Wayne Croning: Here is the story, told in my mother’s (Stella) own words. I have not written this; just added the title and made a few changes.


PARTITION: An incident in KARACHI recalled

I was six years old when India was divided in 1947, and Pakistan came into being. So being in Karachi, Sindh, we all, including all minorities, were automatically citizens of this brand new nation.
Partition, as we all know, was not smooth, on either side.. and I will not go into that… I, recall a story, a true story, as a six-year-old at that time. I observed, and heard of what was happening around our, much-loved-and-missed to this day, Mehta House. 

MEHTA HOUSE was in Chand Street, or … Chand Gali. It belonged to the Mehtas, who were members of a Parsi community that was well-known, and loved by many, for their wonderful works of philanthropy.
But I digress, so let me go back to 1947…
Our building had back doors that opened to a compound for all who lived there, where children played and fought as children do. It led out to a long passage where there were smaller little houses side by side, occoupied by Iranian Parsi couples. At the end of the compound was a big gate which could be locked up.. and at night was. I can still see the colour, sort of a dusty grey-blue. The ‘gate’ was always closed, but had a small door through which one could go and come. It was fully opened only when one of the Mehta House owners would drive his car in.

Living also in the Mehta Building were several of the Parsi owners, who were related and jointly owned the property.
There were also some Goans, Hindus, and others. Including my family, who were Christians though not Goans, but were given the title of ‘Indian Christians’.

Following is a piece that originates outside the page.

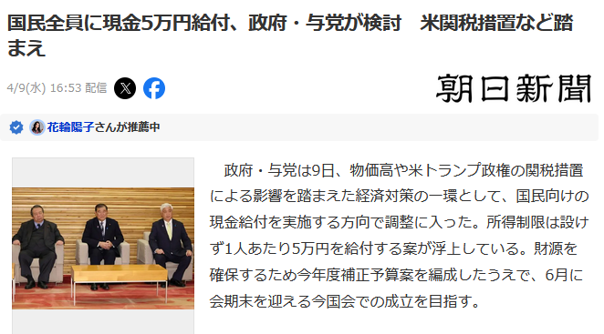 重磅!日本政府又要發錢了!每人4萬到10萬,不設限制!_風聞

Opposite Mehta building, in Chand Gali, was a stone-and- brick building with three houses on top that had wooden balconies. This property was owned by a Muslim, who to me at least, and I guess to many kids too, looked like a Giant.. though I cannot recall being frightened to see him, even though he appeared so tall and big.. He had a beard, wore a cap on his head, shalwar, kameez, and a waist coat. As I see it now in my mind’s eye, the waist coat was black. He had a beard too, sort of black and greyish. and yes a paunch, which seemed to be suited to him. He was called by what, I guess, was his name, Qalander.

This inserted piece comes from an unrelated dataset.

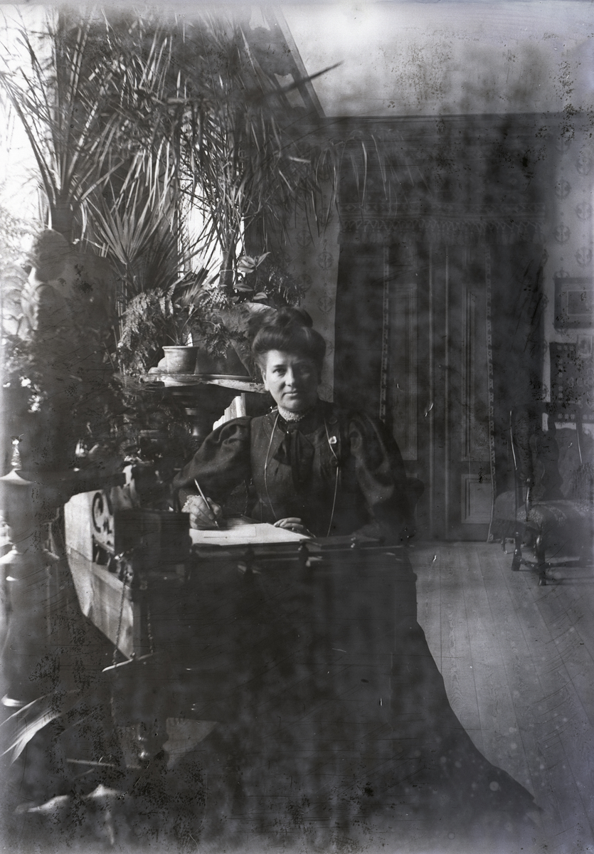 En kvinna sitter vid ett litet skrivbord, vid ett fönster.

There were 2 Hindus families with small kids in the Mehta House flats. We children living in Mehta House, and the others up and down Chand Street, were all friends… it was such a different period then. .. alas .. being old now, I want to stop and go back to savour once again those days… that are gone.. but worry not. I will do that later….. in my mind.

With Partition, killings started happening, and it was happening across this divided nation, newly split in two, by religion (sigh) and no one knew who was friend or enemy.

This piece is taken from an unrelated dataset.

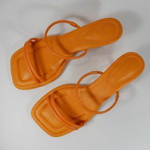 SCHUTZ Agatha Mid Kitten Heel Square Toe SANDALS Size 7 Orange Leather NEW $118

Here is where this wonderful man, QALANDER, as we knew him by name… (at least that is all I heard when his name was spoken.. just, ‘Qalander.’.. ) played a heroic part in saving our Hindu families. I do recall, that the Christians in Mehta House, (Christians were safe) gave the Hindu families statues and crosses- to sort of cover up the fact they were Hindus, hoping that it would protect them, and this was done sometime before this awful day that I speak of.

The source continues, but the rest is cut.